AP, Reuters: Two looks at two space programs struggling with money and technology woes

Wednesday, November 16th, 2011

NASA and its Russian equivalent, Roscosmos, once rivals of roughly comparable skill, achievement, and valor, have long since gone down separate paths. But each still carries historic weight, harbors grand ambitions, and faces high hurdles if it is to achieve them. By happenstance, more or less, the world’s two major wire services are carrying separate and sympathetic looks at their situations – and don’t give partisans of either a whole lot to applaud.

  • AP – Seth Borenstein: Wanted: Astronauts; Missing: US rockets to fly them ; And recent hirees, one learns, are still enthusiastic to start their space faring careers. Even if it is on a Russian Soyuz or, in a few years, maybe a man-rated Dragon space capsule from private company SpaceX.
  • Reuters – Alissa de Carbonnel: Analysis: Botched Mars mission shows Russian industry troubles ; You think NASA has problems? One presumes, of course, that even at its low ebb, the Russians have gotten the Soyuz launchers and spacecraft honed to a high operational polish. That image up there was filed by Reuters, but could have easily illustrated the AP story.

- Charlie Petit

 

Time Magazine: On the other hand, maybe the Solyndra example’s lesson is simple: Win some, lose some, play on.

Wednesday, November 16th, 2011

Ah, a counter-example. A recent post here took issue with what looked like one-sided reporting at both the NYTimes and Washington Post on government subsidies and sweetheart loans to clean energy. Both had their facts straight, listing examples of money wasted after government decides to interfere with the unfettered market to tilt industry toward behaviors that seem more socially useful. Both stories were exlcusively on efforts that have failed, or smell fishy, and provided nothing on the larger context of overall success or failure of such tactics. The question is not whether there are losers, but whether the batting average is high enough to make the tactic an overall winner. Sure, Solyndra could have used better vetting before getting that loan. It doesn’t mean they’re all lemons.

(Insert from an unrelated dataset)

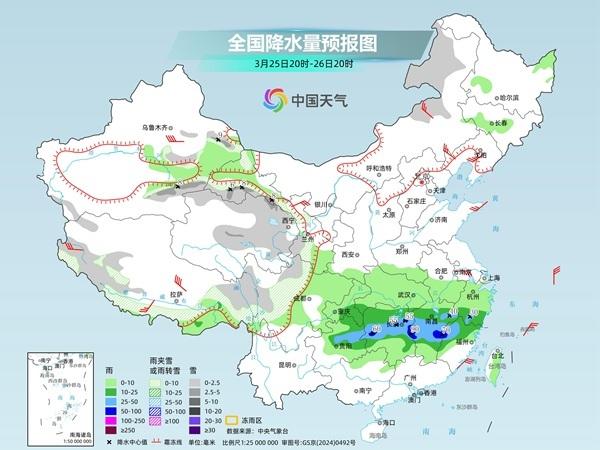 25日夜间,贵州中南部、湖南中部、江西中部有中到大雨,局地将有暴雨,或伴有短时强降雨等强对流天气;26日白天,随着急流东移,江西中部、福建北部将有中到大雨,局地暴雨。

So now along comes Time Magazine and staffer Bryan Walsh with this head: Does the US Spend Too Much on Green Energy – or Not Enough? This one – apparently a blog that thus and presumably won’t be in the print issue – may lean overtly to the “not enough” option. But  it comes closer than did the earlier noted stories to balanced reporting, giving readers a broader perspective for judging individual outcomes. Walsh explicitly names the NYT and Washington Post articles as a reason he wrote one of his own. Walsh is clearly plugging continuation of government intervention on the side of green energy. By the end of the piece, he has shifted to first person. A more dispassionate voice would be better. But he does put things in perspective, such as when he declares, “It’s not as if the private sector necessarly has a better track record then the government when it comes (to) energy investments.” He also jumps on conservative politics in the US, which seems oblivious to waste in government spending for one industry – the one that arms the Pentagon – as vital to jobs and to national interests, while brooking no federal button-pushing in such sectors as energy and transportation.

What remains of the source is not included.